Кейтель: Да, я видел здесь оба распоряжения. Они были представлены русской делегацией.
Руденко: И вам известно, что в приказе за подписью подсудимого
Йодля говорилось о разрушении города Москвы также?
Кейтель: Это я точно не помню, только ли ссылались на Ленинград. Если это имеется в протоколе, то я не хочу оспаривать.
Руденко: Я вас спрашиваю: приказы издаются для чего? По линии ОКВ издавались для того, чтобы их исполняли?

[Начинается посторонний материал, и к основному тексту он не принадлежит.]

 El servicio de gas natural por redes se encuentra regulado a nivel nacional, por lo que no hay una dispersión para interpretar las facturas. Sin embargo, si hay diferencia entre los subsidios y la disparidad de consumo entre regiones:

Кейтель: Директива или сообщение флота это, прежде всего, не приказ, ОКВ, и его происхождение мне неизвестно. Короткий приказ ОКВ, подписанный «по приказу Йодль», был составлен, когда я отсутствовал, как я уже говорил. Если бы я в тот момент находился там, то я, вероятно, подписал бы его, но меня тогда не было и я не знаю предпосылок и обсуждений, обусловивших этот приказ.
Руденко: Вы не ответили на мой ясный совершенно вопрос. Я спрашиваю: приказы издаются для того, чтобы их исполняли, кратко вы можете ответить?

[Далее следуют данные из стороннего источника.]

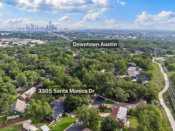 Welcome to 3305 Santa Monica - a stunning, renovated ranch-style home that perfectly blends modern comfort and stylish charm. This recently updated home offers 3 bedrooms, 2.5 bathrooms, a dedicated study/office, an oversized 2-car garage and sits on a spacious .24 acres. Key renovations include a new roof, HVAC system, water heater, and full replacement of the original cast iron plumbing with PEX piping. The home also features new windows, engineered hardwood flooring, tile in the bathrooms, and newly planted privacy trees in the backyard. The open floor plan provides natural light throughout, with a functional modern kitchen, living area with fireplace, and flexible spaces for both daily living and entertaining. A front courtyard offers space for outdoor seating, while the backyard has direct access to a walking trail. Located in central Austin, the home is close to downtown, the airport, and within walking distance to Mable Davis Park and Country Club Creek Trail, combining convenience with a quiet, outdoor-friendly setting.
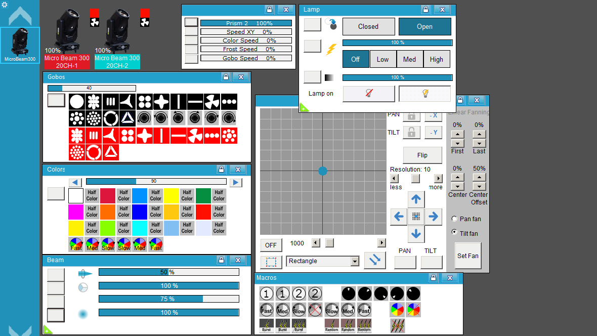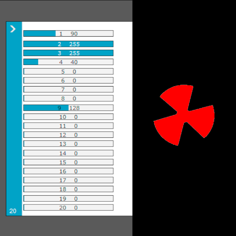 * Verifique, con el Fixture de pruebas de 20CH (click), que coincidan estos canales: 3 Dimmer, 2 Strobo / Shutter, 1 en el valor 90 = Color Rojo, 4 en el valor 40 = Gobo de Ventilador tres aspas, 9 foco (ver tercer foto).

Кейтель: То, о чем мы сейчас говорим, директива, а не приказ. Приказ может быть издан только руководящей на данном участке инстанцией
сухопутных сил. Это была директива, где излагалась цель и намерение.
Руденко: А указания, указание не подлежит исполнению, исходящее из ОКВ?
Кейтель: Конечно, они должны выполняться.
Руденко: Должны. А, что касается вашего заявления по поводу того, что никто
не обстреливал Ленинград, то оно не нуждается в опровержении, ибо
разрушения Ленинграда — общеизвестный факт. Я перехожу дальше, вам известно…
Кейтель: Я разрешу себе заметить, что я не издавал этого приказа,
Поэтому я и не знаю этого.
Руденко: Нет, это у меня не был вопрос к вам. Пожалуйста. Вам известно, что до начала войны с Советским Союзом подсудимым Герингом была издана так называемая «Зеленая папка», содержащая директивы по руководству экономикой подлежащих оккупации районов СССР?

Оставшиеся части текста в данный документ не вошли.